Webcam Eye Tracker: An End-to-end Deep Learning Project

Recently, I wanted to learn PyTorch and needed to find a project to help focus my learning. I have always been interested in the idea of creating a webcam eye tracker, so that seemed like a good project for this. Eye trackers typically rely on infrared for accurate tracking, but performing the same task using purely vision techniques seemed like an interesting challenge.

What follows is a series of posts on the process of creating a webcam eye tracker from scratch. As always, we should start by clarifying the main problems we’re trying to address by going through this process.

The eye tracker problem

I spent a few years working with desktop and mobile eye trackers during my undergraduate degree and throughout graduate school (see a paper we published on dyadic eye tracking here). The problem, however, is that those devices are quite expensive. That is fine in an academic research setting, but far from ideal for use at home.

Additionally, eye trackers are a relatively niche product with only a single purpose. As much as people would love to play around with eye tracking, the need to purchase specialty hardware presents a major barrier. I have been interested in this barrier for a long time. In fact, most of my PhD dissertation was focused on finding ways to use consumer-grade technology to perform the same tasks that would traditionally require some very expensive hardware (in that case, it was replacing 3D motion capture with smartphones for the task of gait analysis).

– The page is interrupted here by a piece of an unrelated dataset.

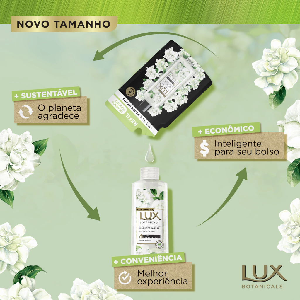 Sinta a espuma cremosa e a delicada fragrância do Sabonete Líquido Refil Lux Botanicals Buquê de Jasmim para uma pele irresistivelmente perfumada. Sua fórmula foi especialmente desenvolvida para proporcionar uma sensação de pele aveludada, tornando o banho o início de qualquer ritual de beleza e deixando a sua pele preparada para receber os próximos cuidados.

In the case of an eye tracker, webcams might be a good replacement for infrared cameras in some situations. This is not a particularly novel idea as many have tried the same thing (e.g., see here and here), but I don’t think there’s any requirement to push the boundaries of science in a PyTorch learning project.

The Kaggle problem

Now that we know why a webcam eye tracker might be an interesting project to take on, we have to consider how we should actually approach the problem. The simplest thing to do, of course, would be find a dataset online and start doing things. This is where websites like Kaggle come in handy.

Now, I love Kaggle, but it presents only a narrow slice of what data science is about. By that I mean you can usually jump straight into data modelling, without having to worry about any of the steps that come before or after. For example, there is no need to identify a research problem, figure out what data you need to solve the problem, make decisions about how to collect the data etc. Kaggle is a fantastic website to experiment with pre-existing datasets, but I’m more interested in the entire process.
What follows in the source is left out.